Life insurance in the age of DNA testing

By Yves Bonneau | June 9, 2011 | Last updated on June 9, 2011
4 min read

Advisor.ca is proud to congratulate Yves Bonneau, Editor in Chief of our Quebec affialiate Conseiller.ca, on winning the Kenneth R. Wilson (KRW) Award for Best Editorial in 2010. The KRW Awards recognize the best in Canadian business press journalism. Here is his Gold Award winning editorial:

Slowly but surely, genetic testing on humans is making its way into the medical community. A very valuable tool, it helps prevent disease, is very useful in high-risk pregnancies, and guides people towards a healthier lifestyle.

Many years ago, when insurance companies were in their infancy, the question of risk was, to say the least, an inexact science.

The largest mutual life insurance company in Europe was going through very difficult times: competition was fierce, bankruptcies swept the industry, many jobs were highly dangerous by any standard, and pandemics were killing people by the thousands.

For nearly 10 years, the Life Insurance Company of Scotland, founded in 1825, more or less made its way through these trying circumstances. Then, with the arrival of businessmen and influential investors who initiated a major restructuring, certain rules concerning commissions were changed. They began paying commissions to other life insurance firms (reinsurance), banks, and agents who recruited new policyholders. At the same time, the company adopted Norwich Union’s annuity tables, which were considered more rigourous, and they began urgent discussions about the risks posed by the cholera epidemic then sweeping the country. Suffice it to say that life was far from easy, and insuring it involved a risk that was difficult to get a firm handle on!

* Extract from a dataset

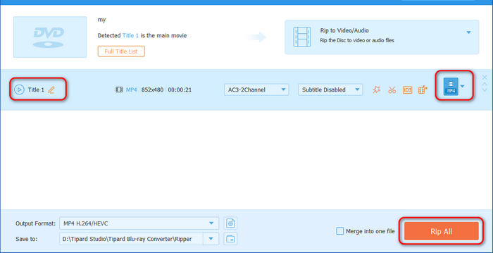 Step 5 Once done, head to the Save to option and choose where to save the decrypted video. After that, press the Rip All button to start the process.

On April 23, 1832, after having reorganized the company, and with a view to putting the past firmly behind them, they decided to give the firm a new name that would reflect the type of risk they would henceforth take on with the people they insured—a name that would convey the ideal risk, that of a person living a “healthy adult life” in the United Kingdom with “a moderate lifestyle and regular employment free from hazards.” In other words, a standard life.

The following year, in 1833, The Standard Life Assurance Company established itself in Quebec. So much by way of history, but here is where the future could meet the past.

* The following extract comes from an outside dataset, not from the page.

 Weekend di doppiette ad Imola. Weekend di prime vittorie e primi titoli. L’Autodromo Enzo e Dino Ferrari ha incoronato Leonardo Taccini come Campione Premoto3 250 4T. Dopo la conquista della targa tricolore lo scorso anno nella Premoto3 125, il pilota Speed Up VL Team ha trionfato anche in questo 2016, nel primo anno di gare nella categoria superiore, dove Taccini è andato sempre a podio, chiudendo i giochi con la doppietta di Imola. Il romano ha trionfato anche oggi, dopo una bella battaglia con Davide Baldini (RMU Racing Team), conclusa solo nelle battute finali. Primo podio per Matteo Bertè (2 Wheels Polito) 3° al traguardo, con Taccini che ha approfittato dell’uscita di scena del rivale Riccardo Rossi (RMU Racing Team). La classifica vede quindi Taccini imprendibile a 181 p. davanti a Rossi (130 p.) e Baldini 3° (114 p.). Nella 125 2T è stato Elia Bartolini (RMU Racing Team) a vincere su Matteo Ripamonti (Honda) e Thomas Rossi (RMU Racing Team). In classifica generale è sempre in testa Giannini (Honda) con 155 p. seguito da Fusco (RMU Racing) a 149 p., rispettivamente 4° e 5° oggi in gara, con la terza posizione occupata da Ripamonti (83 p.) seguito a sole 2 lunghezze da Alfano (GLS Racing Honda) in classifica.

This relentless pursuit of the standardized ideal was reiterated last month when a group of academics from Melbourne asked the Investment and Financial Services Association to indefinitely suspend the practice of having insurance companies use genetic tests as a way of measuring the risk of persons to be insured—in line with the example of the U.K., where such a voluntary ban has been in force since 2001 and will remain in effect until 2014, although nothing says the rules of the game will not change by then.

Meanwhile, the Australian insurance industry categorically refuses to deprive itself of access to information contained in DNA tests used by individuals for personal reasons, as in the case of fertility treatments.

Scholars believe, with reason, that the use of this information in the context of insurance coverage could in the long term create a kind of psychosis that would cause clients to flatly refuse any genetic test, for fear that the result would make them uninsurable, even if these tests could end up saving their lives. Nonetheless, the Australian insurance industry did not budge. If an individual has already submitted to a genetic test, insurance companies want to be able to see it.

For the past three years, the number of genetic tests taken by Australians has more than doubled and continues to rise. Catching the scent of a good business opportunity, the NIB insurance company began to directly offer personal genetic testing to their clients, a first in the land down under. NIB says their aim in offering this service at half the normal price is to give their clients a way to better understand the health risks they face and in this way help them manage and contain their potential for illness.

The company’s CEO, Mark Fitzgibbon, said he has himself undergone the test and believes clients who do the same will be better able to improve their “behavioural health.” “Helping policyholders stay healthy is perfectly justifiable for obvious financial reasons,” he said in an interview.

Within a decade, all insurance brokers should be able to obtain this type of information, which will help them make better decisions, the NIB boss said.

Observers argue that these tests, carried out by the American firm Navigenics, could lead to premium increases or to the systematic refusal of coverage to those with genetic predispositions to certain types of illness. Similarly, there is also a fear that advisors may be roped into the test process.

A study led by the University of Sydney has identified 48 cases of genetic discrimination, 46 of which were of insurance companies discriminating against clients.

For now, Canadian insurers have adopted the same policy as their Australian counterparts concerning the use of genetic information when a client gets a DNA test, and tests of this kind are still rare. However, we need to be aware that this reality could arrive sooner than we think, and prepare ourselves to call out its practices.

Advisors could once again find themselves caught between a rock and a hard place. In this case, will they have to defend themselves, their clients, or both?